Please set down, with no changes, every line of the material below from the one containing "आरोपिया: अनीता साहू, उम्र" through the end. Skip the pictures.

* _MATERIAL PROVIDED_
□ □ □ □ □

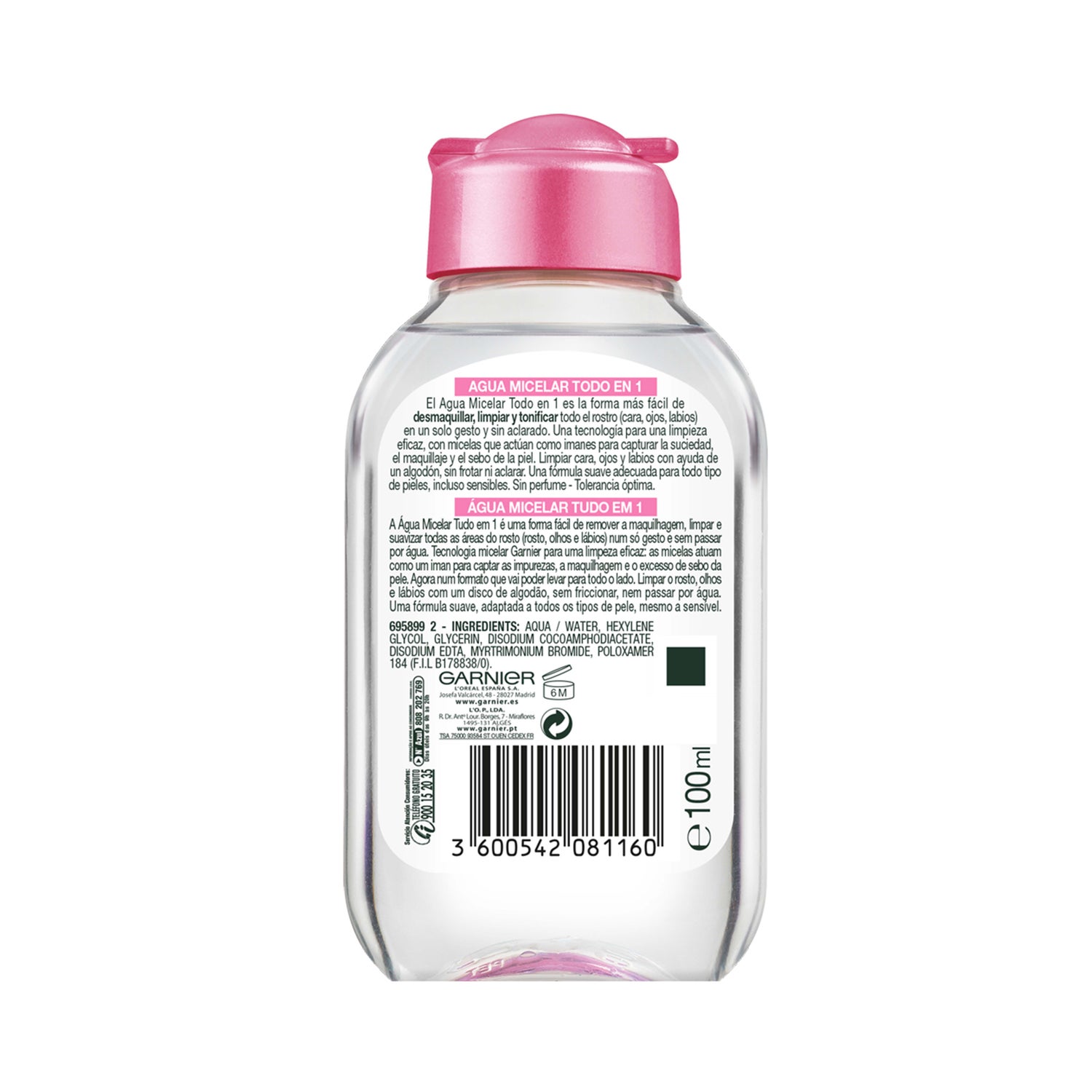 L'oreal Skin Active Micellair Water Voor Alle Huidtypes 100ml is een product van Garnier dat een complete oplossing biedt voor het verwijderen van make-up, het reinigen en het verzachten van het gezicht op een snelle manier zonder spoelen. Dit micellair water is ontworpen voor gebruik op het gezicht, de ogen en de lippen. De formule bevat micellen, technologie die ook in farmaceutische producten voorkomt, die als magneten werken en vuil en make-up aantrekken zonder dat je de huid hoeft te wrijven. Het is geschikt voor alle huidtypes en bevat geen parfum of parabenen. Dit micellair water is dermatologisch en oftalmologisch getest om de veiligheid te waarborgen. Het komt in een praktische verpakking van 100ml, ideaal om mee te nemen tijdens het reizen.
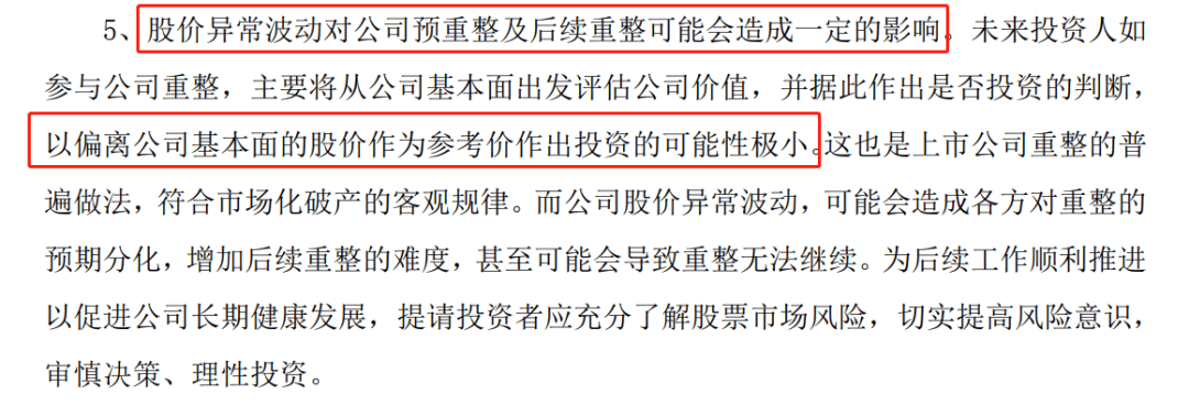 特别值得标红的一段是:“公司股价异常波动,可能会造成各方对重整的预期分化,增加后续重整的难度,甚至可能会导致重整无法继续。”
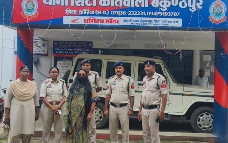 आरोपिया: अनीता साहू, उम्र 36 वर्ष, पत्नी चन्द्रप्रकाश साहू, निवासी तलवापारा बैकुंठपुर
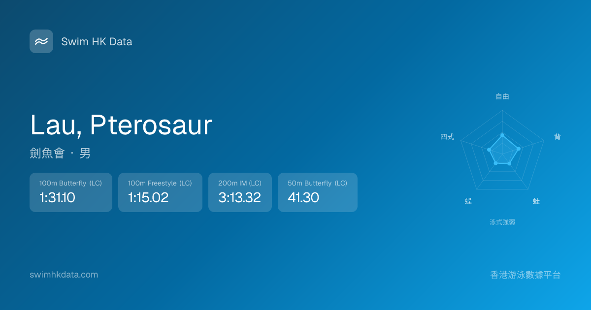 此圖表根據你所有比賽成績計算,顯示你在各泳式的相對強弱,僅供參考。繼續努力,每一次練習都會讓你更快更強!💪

□ □ □ □ □

* _OUTPUT BELOW_
 आरोपिया: अनीता साहू, उम्र 36 वर्ष, पत्नी चन्द्रप्रकाश साहू, निवासी तलवापारा बैकुंठपुर
 此圖表根據你所有比賽成績計算,顯示你在各泳式的相對強弱,僅供參考。繼續努力,每一次練習都會讓你更快更強!💪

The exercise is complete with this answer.